A Hertz rental sedan moved in concert with the van. They parked side by side at the outer edge of the parking lot, reversing into the spots to allow for a quick getaway.

Three husky men emerged from the van. They wore commuter clothes, Dockers and button-ups. Muscle swelled the fabric. There was no way around that. Loose-fitting jackets to conceal their builds and their pistols. They entered the waiting room and spread out immediately, fighter jets peeling out of formation.

The driver in the sedan stayed put, his head rotating as he scanned the parking lot and roads leading to the train station. The lookout.

The men streaked through the waiting room, sidling between passengers and heavy oak benches. They stepped out of three different doors onto the platform and into the shade of the overhang. In the distance a freight train approached, woo-wooing a warning, rumbling the ground.

The whistle would provide good audio cover for a gunshot.

The men looked through the clusters of waiting passengers on the side platform and the two island platforms beyond. One of the men spotted a rucksack tilting into view from behind a wooden post at the end. And part of a girl’s leg.

His head swiveled, and he caught the eye of the man in the middle, whose head swiveled in turn to pick up the last man. They shouldered their way along the platform, closing the space between one another.

Woo-woo.

The freight train wasn’t slowing. It would blow right through the station, giving even more sound cover. The girl was isolated there at the end of the platform. That provided relative privacy to get the job done.

Woo-woo.

They converged on her, now shoulder to shoulder, linemen coming in for the sack.

Fifteen yards away.

Woo-woo.

She saw them only now. Alarm flashed across her face, but even so she stepped back into a fighting posture, hands raised, jaw set.

The man in the middle reached inside his loose-fitting jacket.

They swept forward.

Ten yards away.

Behind them a form swung down from the metal overhang and crouched on the landing to break his fall, one hand pressed to the concrete.

Soundless.

*   *   *

Evan couldn’t fire his ARES. Not with Joey in the background. But that was okay. He was eager to use his hands.

Joey spotted him through the gap between the advancing men. They read her eyes, the change in her stance.

They turned.

Three men. One pistol drawn, two on the way.

Evan moved on the gun first.

A jujitsu double-hand parry to a figure-four arm bar, the pleasing snap-snap of wrist and elbow breaking, and—

Jack sways in the Black Hawk, hands cuffed behind him, wind blasting his hair when

—the pistol skittered free across the tracks, the guy on his knees, his arm turned to rubber.
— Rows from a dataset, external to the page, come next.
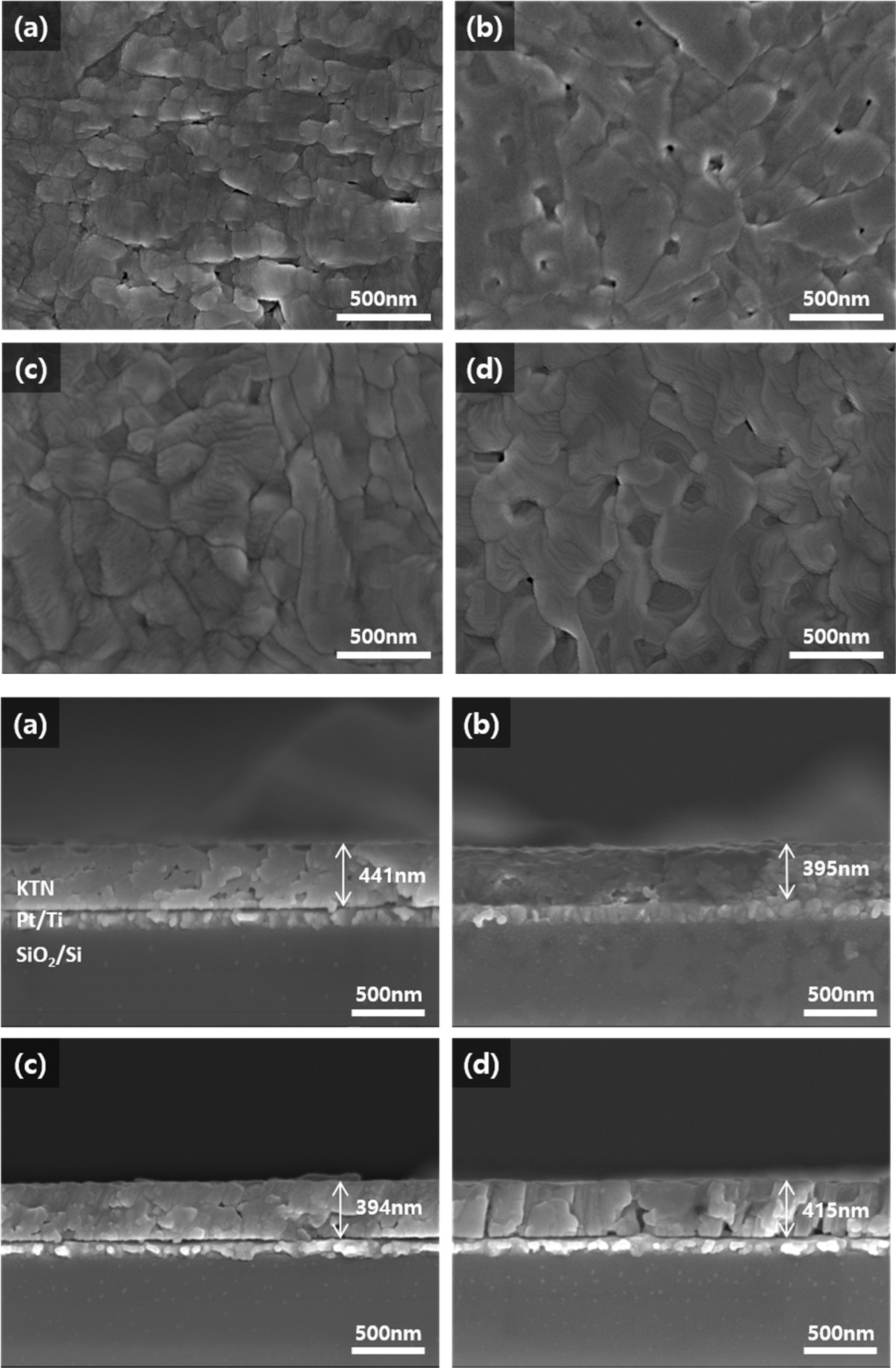 Fig. 2 shows surface and cross-sectional microstructure with variation of sintering temperature of the KTN heterolayered thin film. As the sintering temperature increased from 650 oC to 800 oC, the average grain size increased from 146nm to 380nm, and showed a dense structure. However, in the case of the films sintered at 650 oC and 800 oC, some pores were observed, which is thought to be due to incomplete grain growth due to the low sintering temperature and volatilization of K-ions due to excessive sintering temperature, respectively. Average thickness of KTN films was about 394-441 nm and showed a uniform and flat cross-sectional structure. Interface between KTN (30/70) films and KTN (70/30) films could not be observed, which is believed to be due to the small heterogeneity between the interfaces due to the same crystalline structure and same K, Nb, Ta constituent elements.
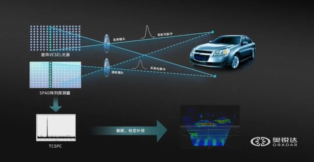奧銳達(dá)的激光雷達(dá)采用創(chuàng)新性的VCSEL+SPAD技術(shù)方案。其中,多節(jié)可尋址VCSEL(Addressable VCSEL)通過可控的多光束掃描技術(shù),對外發(fā)射VCSEL激光器的點陣多光束光源;同時,探測器可以開啟與發(fā)射相對應(yīng)的區(qū)域,接收目標(biāo)反射光;最終通過電子掃描,完成整個視場范圍內(nèi)的激光雷達(dá)點云獲取。
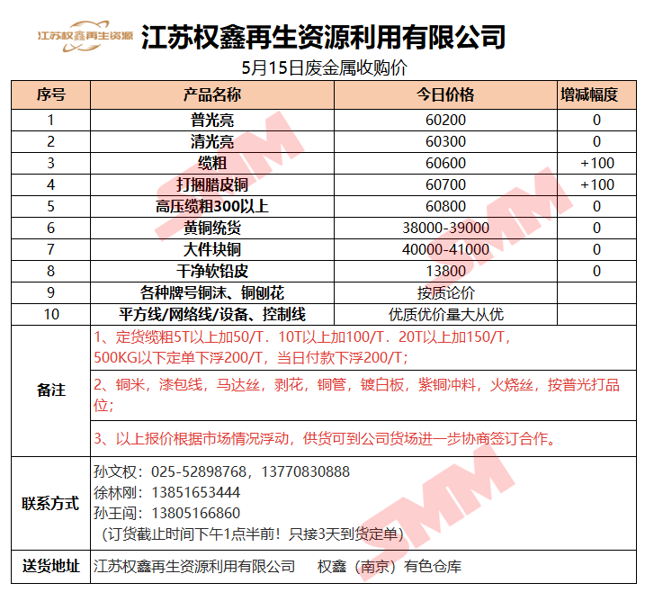 今日江苏权鑫再生资源利用有限公司 废金属收购报价已更新,有货的朋友欢迎联系我们!
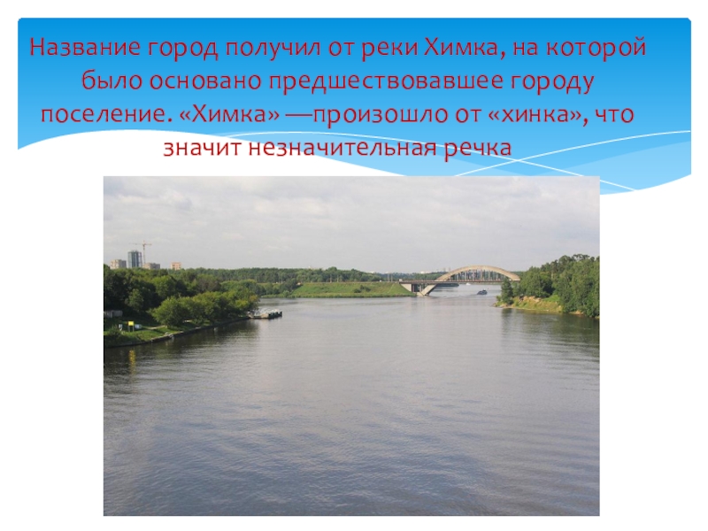Слайд 2Название город получил от реки Химка, на которой было основано предшествовавшее
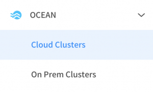 In the side menu of the console, click Ocean/Cloud Clusters.
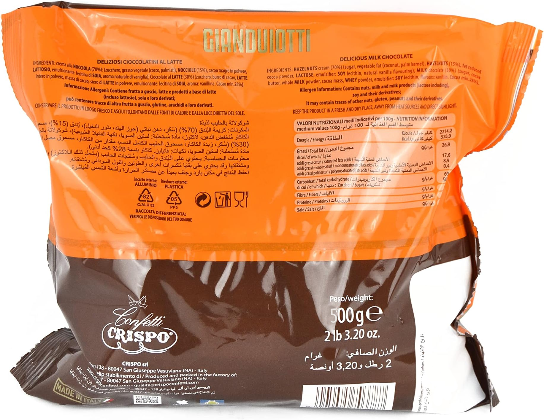 Crema alla NOCCIOLA (70%): (zucchero, grasso vegetale (cocco, palmisti), NOCCIOLE (15%), cacao magro in polvere, LATTOSIO, emulsionante: lecitina di SOIA, aroma naturale di vaniglia); Cioccolato al latte (30%) (zucchero, burro di cacao, LATTE intero in polvere,pasta di cacao, siero di LATTE in polvere, emulsionante: lecitina di SOIA,aromi:vanillina.Cacao min.28%
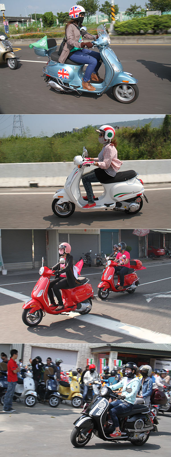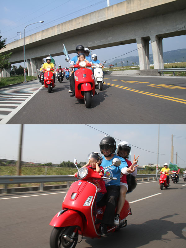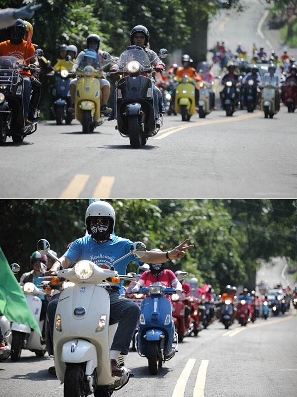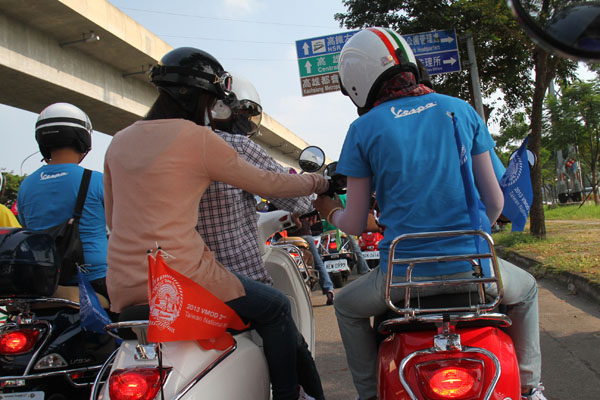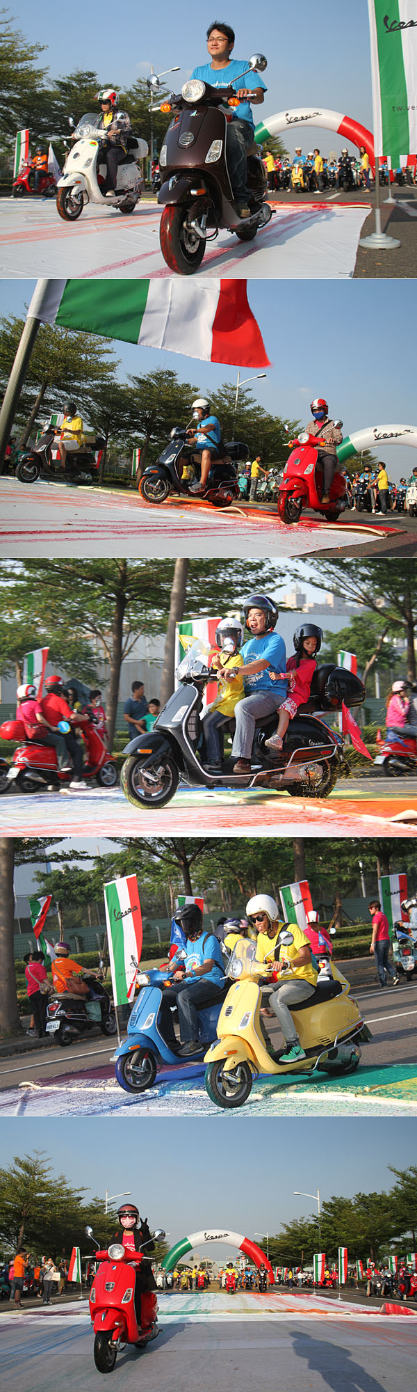 在前導車的帶領下,數百輛Vespa謹遵秩序的接連前進,有帥氣的單人騎士、有濃情蜜意的情侶搭檔、有全家出動的親子共乘、也有偕同好友的死忠夥伴;不分S系列、LX系列或是GTV與GTS車型,騎乘著Vespa共同出遊,臉上總是掛著滿滿自信笑容,更不斷的獲得來自路旁的欽羨眼光,與來自重機騎士的大拇指肯定。
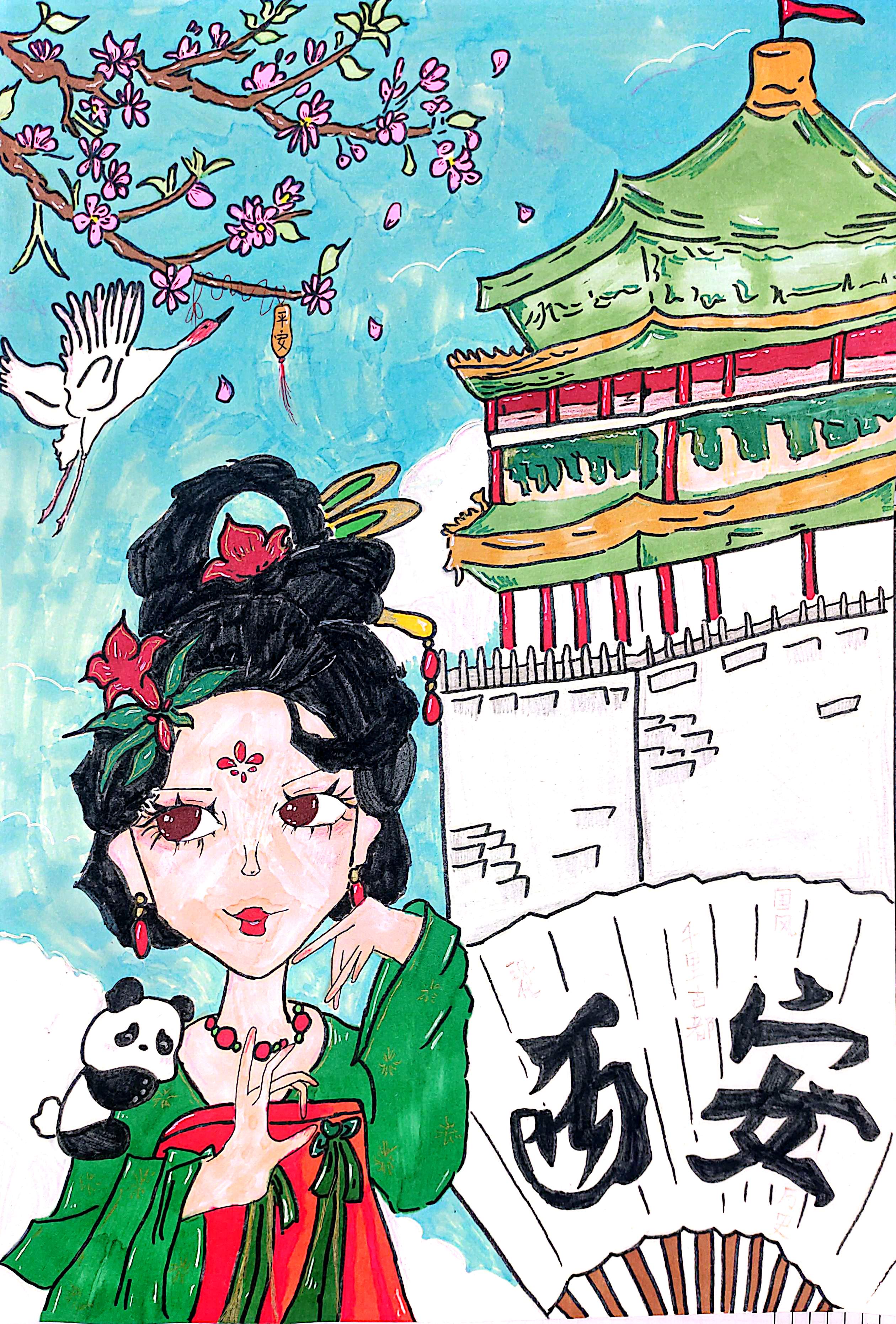 名称:《长安古韵》 这幅画展现西安魅力,身着唐装的女子尽显古韵,身旁熊猫添灵动。背景里,繁花飘落、仙鹤翱翔,西安标志性建筑巍峨矗立,"西安" 折扇点明主题,融合历史与自然元素,传递出西安深厚的文化底蕴与独特的城市风情,是古今交融的诗意呈现 。

The second man gave up on the draw and came at Evan with a haymaker, but Evan threw a palm-heel strike to the bottom of his chin, rocking his head back. He firmed his fingers, drove a hand spear into the exposed throat, crushing the windpipe. The man toppled, crashing through a trash can, and made a gargling sound, his access to oxygen closed now and forever and—

Jack reeled back, a parachute rip cord handle clenched in his teeth, his eyes blazing with triumph, when

—the third man’s gun had cleared leather, so Evan grabbed his wrist, shoved the pistol back into the hip holster, hooked his thumb through the trigger guard, and fired straight down through the tip of the holster and the guy’s foot. The man was still gaping at the bloody mess on the end of his ankle when Evan reversed the pistol out of the holster, spun it around the same thumb, and squeezed off a shot that took off half the guy’s jaw. Evan blinked through the spatter and the image of—

Jack’s parting nod to the men pinballing around the lurching Black Hawk, a nod filled with peace, with resignation, before he stepped out into the abyss.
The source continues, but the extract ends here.